Standard Deviation question

[mike1212]

Back to the same expected value question from yesterday, but this time I want to calculate my standard deviation.

To refresh on the details:

I am going to deposit $250.
They will match my deposit.
I can bet with my $500 bankroll.
When I withdraw, $250 is deducted from my cashout.

So if I play 1 hand of baccarat and bet on banker until there is not a tie:

50.68% -> balance = $975 -> cashout = $725
49.32% -> balance = 0 -> cashout = $0

So expected value = 117.48

0.506852033______475______240.7547157
0.493150343_____-250_____-123.2875858
__________________________117.4671299


What is the standard deviation of this?

When I calculate the standard deviation bu taking 240.75 and -123.29 as the other I get 257.42 which I think is wrong since the probabilities of each result occuring isn't 50/50 but 50.68%/49.32%.

So I lined up in excel 5069 cells containing 240.75 and then 4931 cells containing -123.28 and then found the standard deviation of this to be 182.01. This I feel should be correct since the sample size now represents the expected ratio of results.

Is the second way the proper way to do this?

Thanks.

[BruceZ]

[ QUOTE ]
Back to the same expected value question from yesterday, but this time I want to calculate my standard deviation.

To refresh on the details:

I am going to deposit $250.
They will match my deposit.
I can bet with my $500 bankroll.
When I withdraw, $250 is deducted from my cashout.

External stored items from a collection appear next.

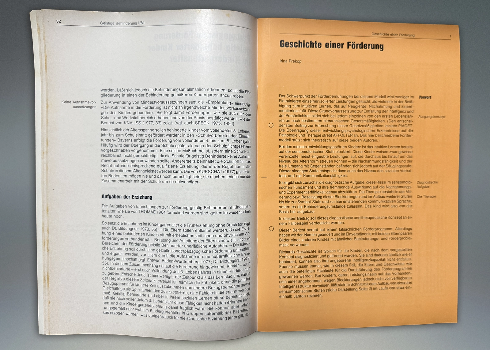 - 9) Links (1981) und rechts (1981): Gestaltung von 2 DIN A5-Broschüren, hier: Titelseiten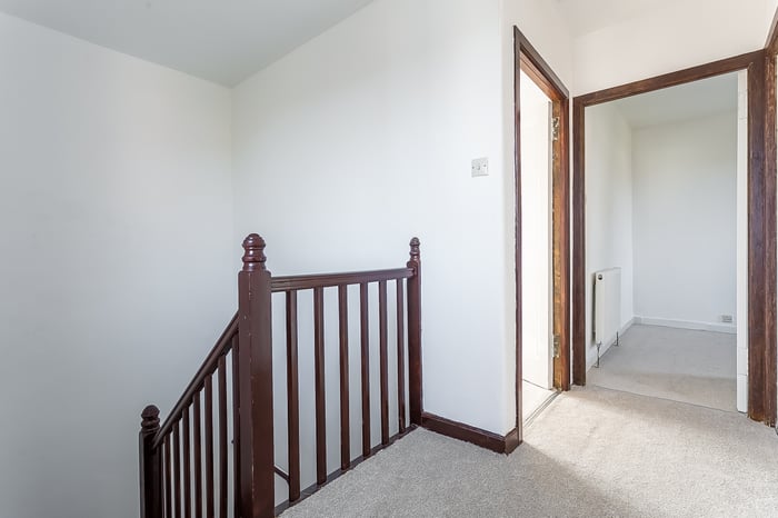 Completing the ground floor is a modern shower room with a large walk-in cubicle, contemporary wall panelling, and dual-aspect windows. Upstairs, the carpeted landing benefits from a side window for additional light, whilst the principal bedroom offers a deep walk-in store cupboard and open views to Arthur’s Seat.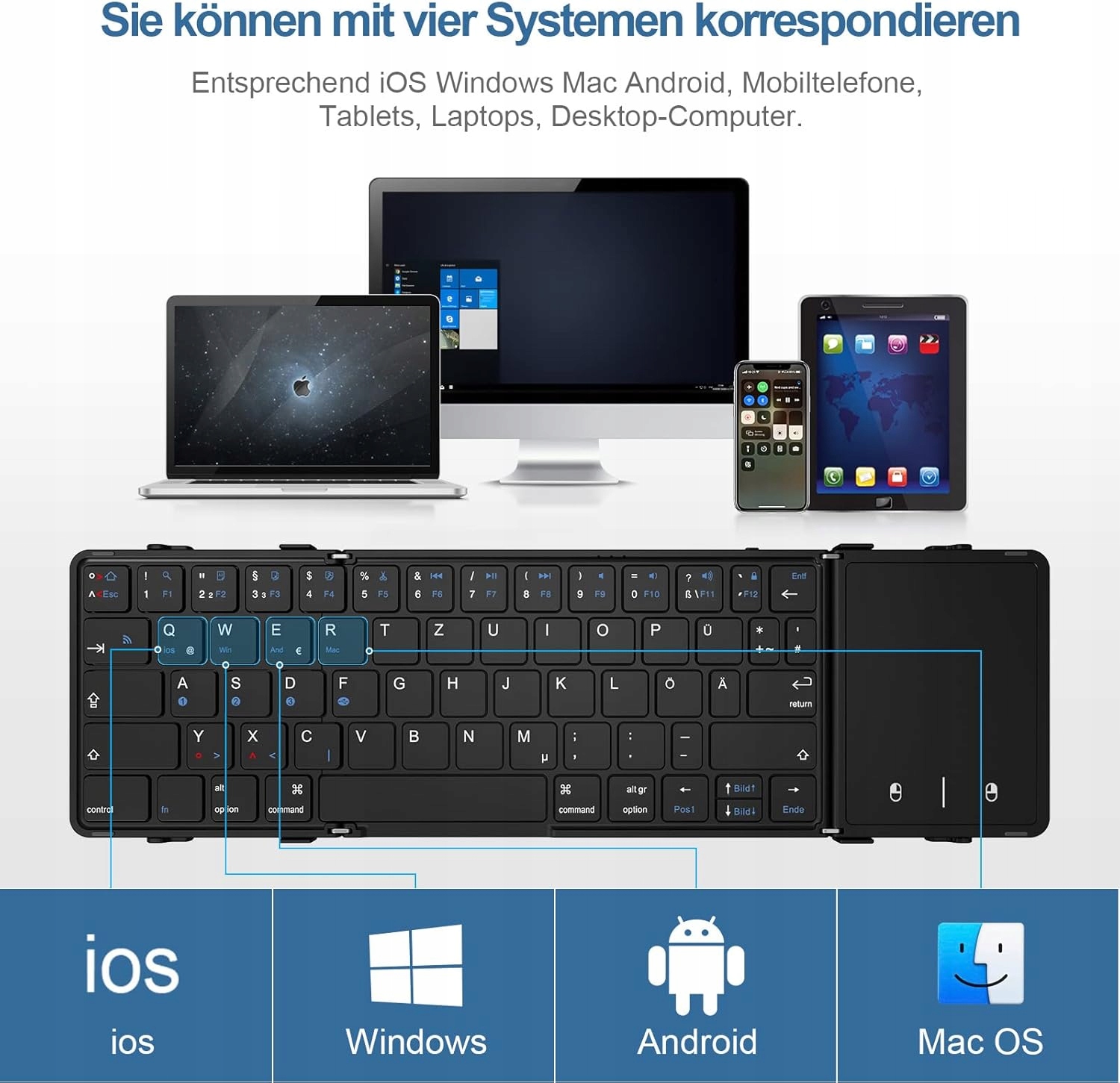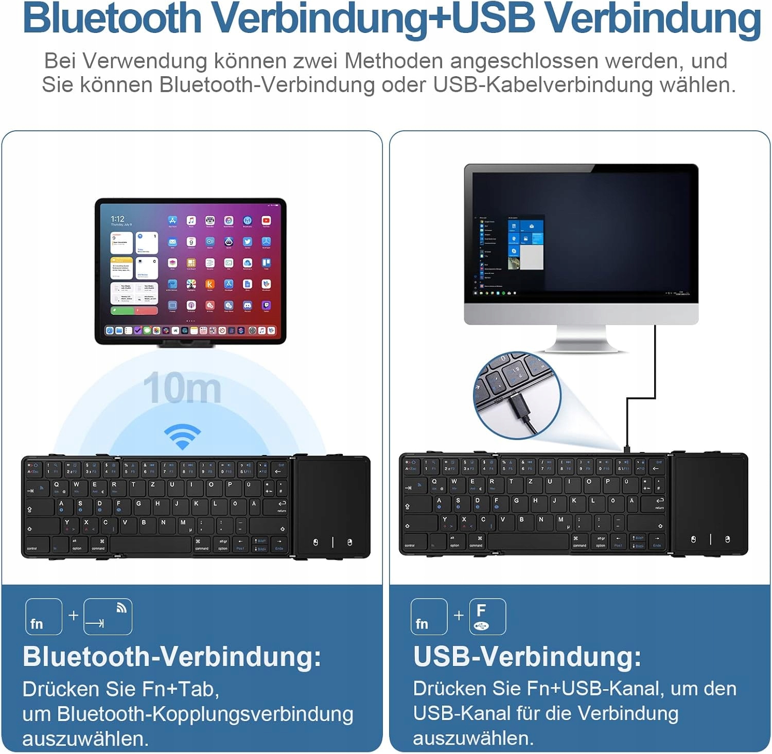 - 【【 Bluetooth 5.1 и чувствительная сенсорная панель】 складывает клавиатуру Bluetooth использует единственную технологию Bluetooth 5.1 и оснащена новой, очень чувствительной сенсорной сенсорной панелью. Расстояние передачи до 10 м обеспечивает лучший опыт от клавиатуры.

So if I play 1 hand of baccarat and bet on banker until there is not a tie:

50.68% -> balance = $975 -> cashout = $725
49.32% -> balance = 0 -> cashout = $0

So expected value = 117.48

0.506852033______475______240.7547157
0.493150343_____-250_____-123.2875858
__________________________117.4671299


What is the standard deviation of this?

When I calculate the standard deviation bu taking 240.75 and -123.29 as the other I get 257.42 which I think is wrong since the probabilities of each result occuring isn't 50/50 but 50.68%/49.32%.

So I lined up in excel 5069 cells containing 240.75 and then 4931 cells containing -123.28 and then found the standard deviation of this to be 182.01. This I feel should be correct since the sample size now represents the expected ratio of results.

Is the second way the proper way to do this?

Thanks.

[/ QUOTE ]

No, doing it that way you would have to enter your results of 475 and -250. You can use this formula, where E(x) is the expected value of x:

variance(x) = E(x^2) - [E(x)]^2

variance = 0.506852033 * (475)^2 + 0.493150343 * (-250)^2 - (117.47)^2

standard deviation = sqrt(variance) = 362.47

[Shawsy]

[ QUOTE ]
[ QUOTE ]
snip
I am going to deposit $250.
They will match my deposit.
I can bet with my $500 bankroll.
When I withdraw, $250 is deducted from my cashout.

So if I play 1 hand of baccarat and bet on banker until there is not a tie:

50.68% -> balance = $975 -> cashout = $725
49.32% -> balance = 0 -> cashout = $0

So expected value = 117.48

0.506852033______475______240.7547157
0.493150343_____-250_____-123.2875858
__________________________117.4671299


What is the standard deviation of this?

snip

[/ QUOTE ]

No, doing it that way you would have to enter your results of 475 and -250. You can use this formula, where E(x) is the expected value of x:

variance(x) = E(x^2) - [E(x)]^2

variance = 0.506852033 * (475)^2 + 0.493150343 * (-250)^2 - (117.47)^2

standard deviation = sqrt(variance) = 362.47

[/ QUOTE ]

Or the equally correct (but usually less practical) alternative formula:
Var[X] = Sum ((X - E[X])^2 * P(x))
Here Var[X] = (475-117.47)^2*.50685 + (-250-117.47)^2*.49315
Var[X]= 131381 and SDev[X]=362.47 as above.